Du hast Fehler gemacht und willst gerne wieder kiffen, mir fehlt bei psychotischen Erkrankungen jegliches Verständnis dafür wenn jemand trotzdem echtes Gras rauchen will, es ist meine Meinung und wer weiß ob sie stimmt, aber ich kann nicht schmeicheln, wenn ich einfach das Gefühl habe jemand fährt mit hohem Risiko in eine gefährliche Einbahnstraße und verspielt damit vielleicht wirklich sehr viel.

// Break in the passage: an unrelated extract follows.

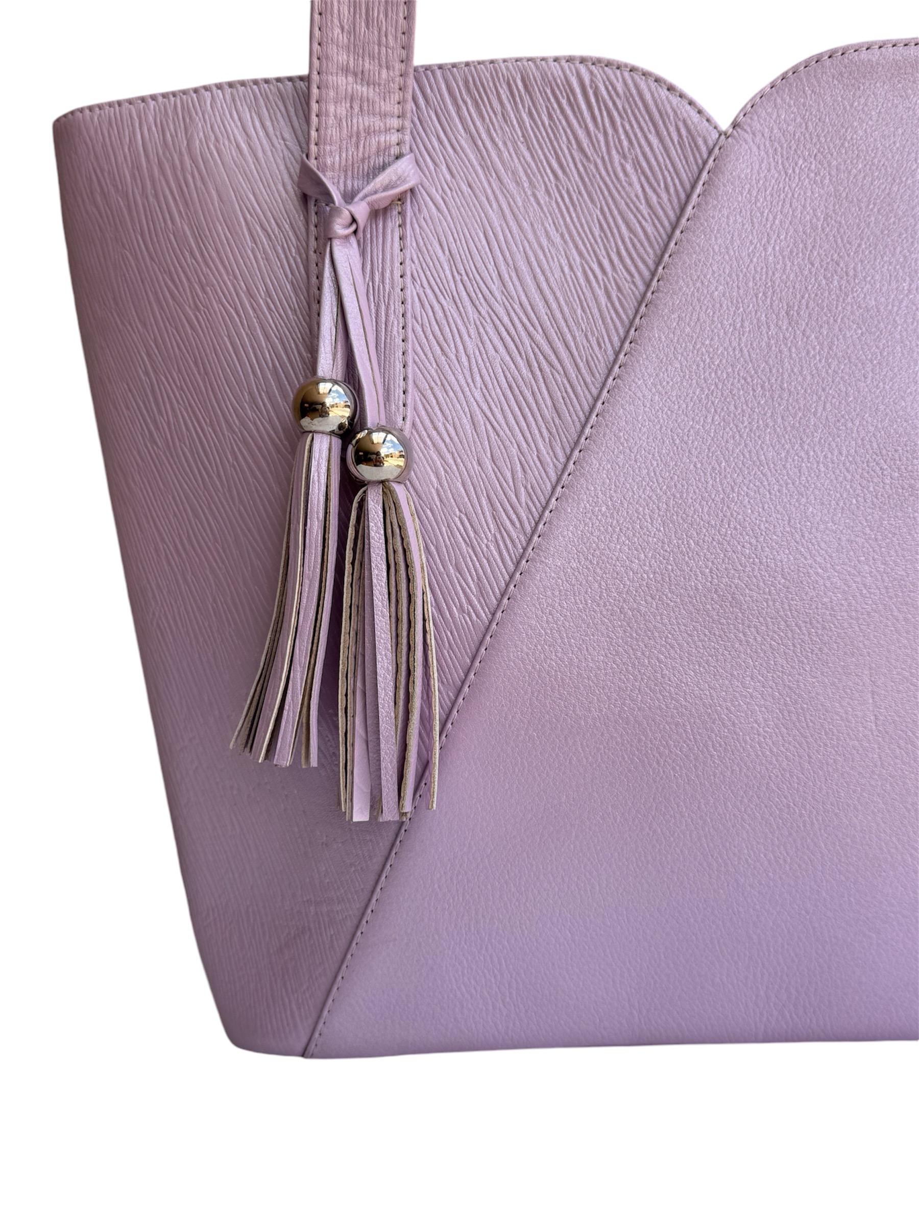 Bolso de mano elaborado en cuero. Medidas aproximadas 43cm de ancho y 29cm de alto.
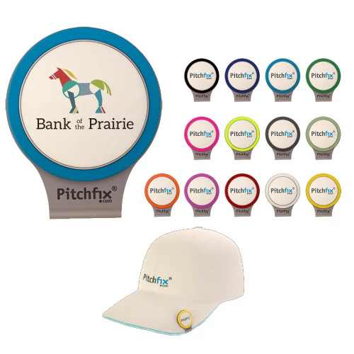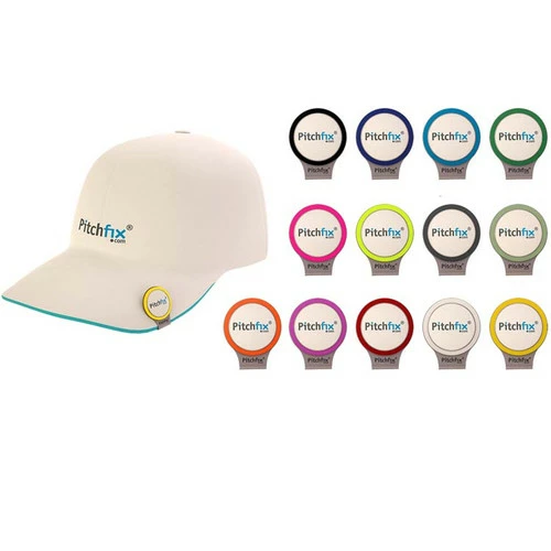 The Pitchfix hat clip is made from strong, thin, anti-scratch and anti-rust stainless steel and is light-weight. The top side is made from Rubberized ABS plastic with a soft feel. Mix and match colors, minimum ten per color.

Ich bin kein Orakel oder ein Prophet, aber ich sage was ich mir denke und ich behaupte auch nicht, dass ich weiß wie das Leben läuft und wie jemand anderes Leben laufen wird.

Ich habe nicht den Stein der Weisen gefunden und bin jetzt übermächtig mit Weisheit gesegnet, ich erzähle nur von meinen Erfahrungen aus meinem Umfeld, die entweder gestorben sind oder wirklich soweit im Abseits gelandet sind, dass von einem normalen Leben wirklich nicht mehr gesprochen werden kann.

Ich weiß nicht wie das sich auswirkt, aber ich glaube du hast einfach viel mehr Verantwortung als jemand der nie mit dem Gesetz oder der Polizei sich auseinandersetzen musste.

Hass mich ruhig, ich glaube wenn du verstehst was ich meine, dann könnte es ein normales Leben werden, aber wie gesagt, ich will mich hier nicht aufspielen als der Guru, ich bin ein kleiner Mensch mit Erfahrungen aus dem Umkreis und es gibt mehr als einen Menschen der durch solche Dinge wie Kiffen trotz Psychose nicht nur keine Liebe jemals mehr bekommt, sondern wirklich von seinem restlichen Umfeld als armes Geschöpf angesehen wurde.

Bitte schämt euch fremd von mir aus, ich meine die anderen Mitleser ausser Glocky, ich kann es aushalten, wenn man sich wegen meiner Meinung schämt.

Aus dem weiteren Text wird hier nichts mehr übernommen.